You and only you will know what Love means to you.
Take time to discover what that is and then chase it every single moment for the rest of your life!
What matters is that the love in your life touches your heart and resonates in your soul.
Spend time each and every day to lean into it and let yourself be raw – in that rawness you will stretch your boundaries and live more deeply than you knew to be possible.
Since I married Jeff, I have had to really test myself in this area. In my past two marriages, my husbands were cruel and selfish men, and that was all I ever knew about marriage.
I have never had any experience with a man who is kind and generous like Jeff.
So each day, it is a challenge for me to be raw and vulnerable with him, but I know that if we are going to grow our marriage into the potential that it is capable of then I need to trust him with my very life!
By being willing to expose myself completely to Jeff, I am learning just how wonderful partnership can be.
I am learning that it is protective, nurturing, heart opening, and awe inspiring.
None of those things have ever been my experience before, and I am relishing in the beauty of our love.
It is my treasure and I will continue to protect it with my own life.
The third thing about Love that I want you to know is that many of your life’s lessons will need to be learned more than once…
AND that’s okay.
In fact, it is not just okay, it is desirable even, to take the time you need to think clearly, and then if necessary change your mind.
AND… then to even sometimes change it back again.
Here is the fourth lesson about Love that I want you to know. You are the one who has to live with the choices you make in the end so give yourself absolute permission to be as thorough and thoughtful in making those choices as you need to be to feel confident.
When I went through my second divorce. I was crushed. I felt like a complete failure!
I knew then that I needed to take some time to heal.
Time to learn who I was as a woman.
All I knew about myself was who I was as a wife and a mother, I had completely lost touch with the woman inside of me.
So I took three very long, very lonely years to get myself together.
During that time I started painting again.
I started writing again,
and most importantly I started to become friends with myself again.
I was learning how to depend on, and trust in myself, which would eventually allow me to attract a quality man like Jeff into my life.
So here is the fifth lesson I have learned about Love: You do not need to define yourself in absolutes.
Some days I am vibrant and shiny and some days I am subdued and dull.
I have learned to embrace the variations and not apologize for the inconsistencies.
If you do not want to be static in your life, then change and growth require you to be willing to be something different today from what you were yesterday.

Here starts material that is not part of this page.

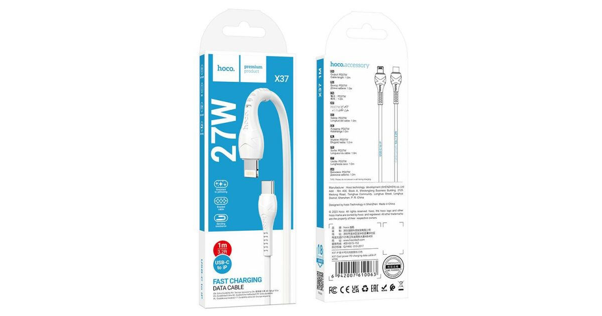 HOCO X37 COOL USB TYPE-C / CABLU LIGHTNING PD 27W 1 METR ALB Descriere

It was during my three years of NO DATING PERIOD!
that I learned the value of the Sixth lesson about Love.
I learned that Boredom and loneliness are gifts.
They show you where you need to place some attention and where you want to shift.
If you are too busy attempting to chase away the painful moments with your next mindless adventure, you will miss out on an so many different opportunities for growth and learning.
You miss the chance to reflect for a moment.
You will miss the chance to choose the next path carefully and thoughtfully so that it is one that opens you up further instead of simply filling a hole in your schedule.
It really is alright for you to feel the discomfort because it is from that place that you will learn to become more intentional in how you live.
The seventh lesson about Love that I want you to know is that you need to avoid getting distracted by the trappings of other people’s dreams.
Sure…They look beautiful on someone else because it is their dream- borne from their unique experiences.
I will be the first to admit that it can be fun to “TRY ON” someone else’s role for a moment, I just want you to be sure that you will always return to your true self.
The reason I mention that is because Your aspirations glow on you because they are birthed from who you are, what you believe and the lessons you carry.